Question

Here is the schema Employee (name,sex,salary,deptName) and name is the primary key

SELECT deptname
FROM employee
WHERE sex=m
GROUP BY deptName HAVING avg(salary) >
  (SELECT avg(salary)
   FROM employee)

I want to understand the part having avg(salary) what does that part actually do? since we dont include the salary select clause,

SELECT deptname
FROM employee
WHERE sex=m
GROUP BY deptName

This part will give me group of deptName, just one column nothing else, I am wondering how having (avg(salary)) is working, it is taking avg of all employees from the table or what?

Anyone who can tell me Thanks

Was it helpful?

Solution

WHERE filters records before they are grouped; whereas HAVING filters the results after they have been grouped. Expressions, using functions or operators, can be used in either clause (although aggregate functions like AVG() cannot be used in the WHERE clause as the records would not have been grouped when that clause is evaluated).

Thus your query filters a list of departments for those where the average salary of that department's male workers is greater than the overall (company) average salary.

OTHER TIPS

SELECT AVG(salary)
   FROM employee

By above query first you will get avg salary of all employees.

Now you are getting only department whose avg salary is greater than avg salary of all employees.

The having clause works like a where condition for the 'group by deptName' clause.

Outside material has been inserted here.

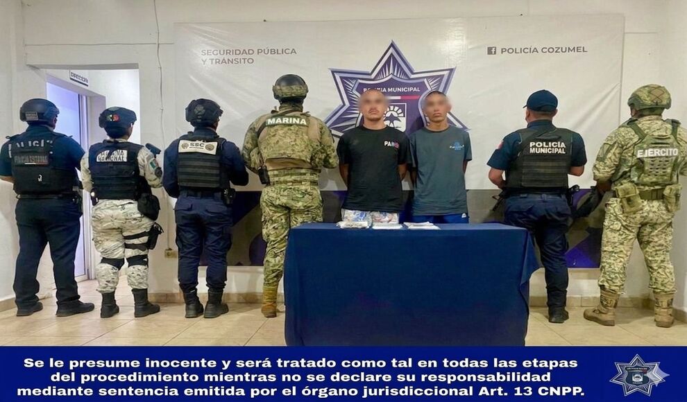 Cozumel, Quintana Roo -Elementos de Seguridad Pública de Cozumel aseguraron a dos personas del sexo masculino por su presunta participación en delitos contra la salud, quienes fueron puestos a disposición de la Fiscalía General del Estado.

All rows are grouped by value of deptName column. For each group, the average is calculated on the values of salary for that particular group.

Therefore, for all groups, only if the average salary for that particular 'deptName' group is greater than the average salary for all employees, the row from that group would show.

having is like WHERE clause but its for aggregate functions Like AVG.

so your query will look for average of every deptname. BUT in your query

 having avg(salary) > (select  avg(salary) from employee)

you maybe want give an average to compare with.

like

   having avg(salary) > 25 

so this will select only those who have average > 25.